→ **Exercise data**:
··········
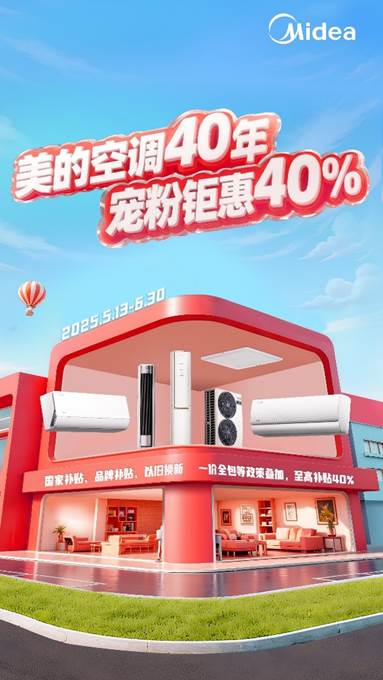 值此美的空调40周年之际,为感恩回馈广大消费者40年来的支持与厚爱,本次618大促特别推出“美的空调40年,宠粉钜惠40%”活动。5月13日至6月30日期间,消费者通过主流电商平台搜索"美的空调"进入品牌官方旗舰店选购产品,可享超值折扣、现金补贴、大促惊喜券至高可减500元等,更有换新补贴、0 元安装服务、整机超长包修等多重福利,多平台优惠政策叠加至高40%,让消费者能以更实惠的价格购入美的空调。
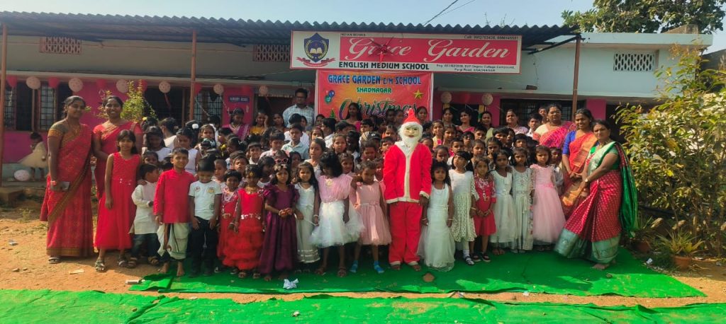 రంగారెడ్డి జిల్లా షాద్నగర్ పట్టణంలోని గ్రేస్ గార్డెన్ ఇంగ్లీష్ మీడియం స్కూల్లో క్రిస్మస్ వేడుకలను ఘనంగా నిర్వహించారు. విద్యార్థులు వేషధారణలతో మరియు ఆటపాటలతో అలరించారు. అనంతరం స్కూల్ ప్రిన్సిపాల్ ఆసీస్.. మాట్లాడుతూ విద్యార్థులకు క్రిస్మస్ యొక్క విశిష్టతను మరియు ప్రాముఖ్యతను విద్యార్థులకు వివరించడం జరిగింది. అనంతరం విద్యార్థులకు మరియు ఉపాధ్యాయుని ఉపాధ్యాయులకు బహుమతులను అందజేయడం జరిగింది. ఈ కార్యక్రమంలో విద్యార్థులతో పాటు పాఠశాల ఉపాధ్యాయుని ఉపాధ్యాయులు తదితరులు పాల్గొన్నారు.
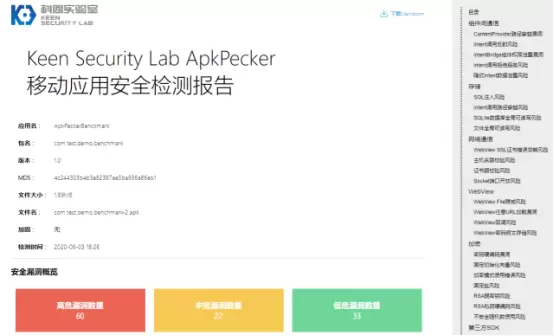 通过一系列高效、完备、准确的漏洞检测流程,ApkPeckerP已经具备了控制管理和APP漏洞自动挖掘能力,能够实现程序源文件、内部数据交互、APP防御、第三方SDK等多维度的漏洞检测。
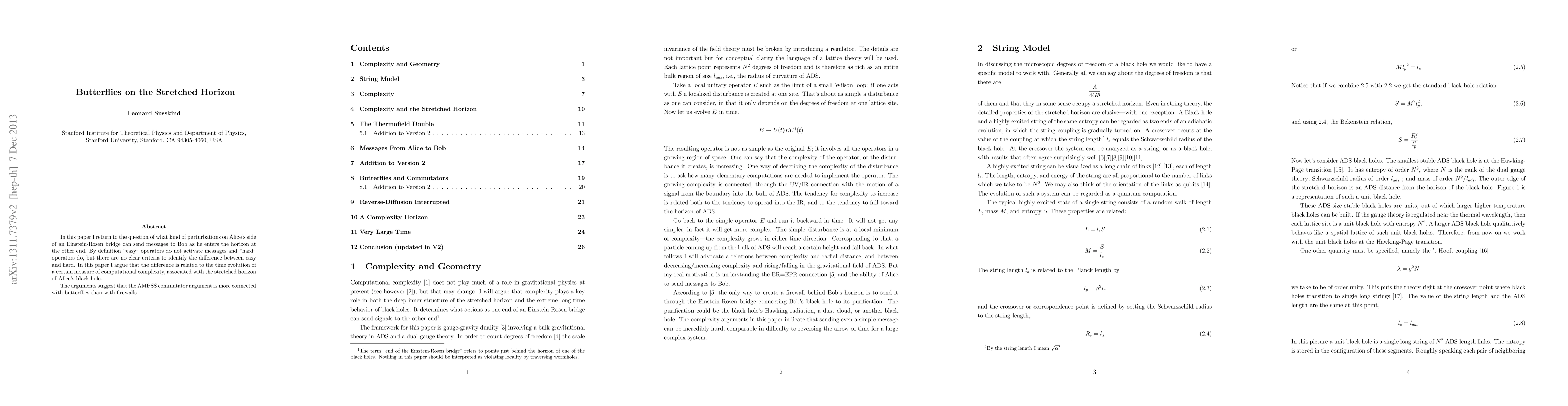 In this paper I return to the question of what kind of perturbations on Alice's side of an Einstein-Rosen bridge can send messages to Bob as he enters the horizon at the other end. By definition "easy" operators do not activate messages and "hard" operators do, but there are no clear criteria to identify the difference between easy and hard. In this paper I argue that the difference is related to the time evolution of a certain measure of computational complexity, associated with the stretched horizon of Alice's black hole. The arguments suggest that the AMPSS commutator argument is more connected with butterflies than with firewalls.
··········
→ **Work instructions**: Only the lines from the one with "రంగారెడ్డి జిల్లా షాద్నగర్" through the last line of the listing belong in your answer; copy them exactly and skip the pictures.

→ **Answer box**:
 రంగారెడ్డి జిల్లా షాద్నగర్ పట్టణంలోని గ్రేస్ గార్డెన్ ఇంగ్లీష్ మీడియం స్కూల్లో క్రిస్మస్ వేడుకలను ఘనంగా నిర్వహించారు. విద్యార్థులు వేషధారణలతో మరియు ఆటపాటలతో అలరించారు. అనంతరం స్కూల్ ప్రిన్సిపాల్ ఆసీస్.. మాట్లాడుతూ విద్యార్థులకు క్రిస్మస్ యొక్క విశిష్టతను మరియు ప్రాముఖ్యతను విద్యార్థులకు వివరించడం జరిగింది. అనంతరం విద్యార్థులకు మరియు ఉపాధ్యాయుని ఉపాధ్యాయులకు బహుమతులను అందజేయడం జరిగింది. ఈ కార్యక్రమంలో విద్యార్థులతో పాటు పాఠశాల ఉపాధ్యాయుని ఉపాధ్యాయులు తదితరులు పాల్గొన్నారు.
 通过一系列高效、完备、准确的漏洞检测流程,ApkPeckerP已经具备了控制管理和APP漏洞自动挖掘能力,能够实现程序源文件、内部数据交互、APP防御、第三方SDK等多维度的漏洞检测。
 In this paper I return to the question of what kind of perturbations on Alice's side of an Einstein-Rosen bridge can send messages to Bob as he enters the horizon at the other end. By definition "easy" operators do not activate messages and "hard" operators do, but there are no clear criteria to identify the difference between easy and hard. In this paper I argue that the difference is related to the time evolution of a certain measure of computational complexity, associated with the stretched horizon of Alice's black hole. The arguments suggest that the AMPSS commutator argument is more connected with butterflies than with firewalls.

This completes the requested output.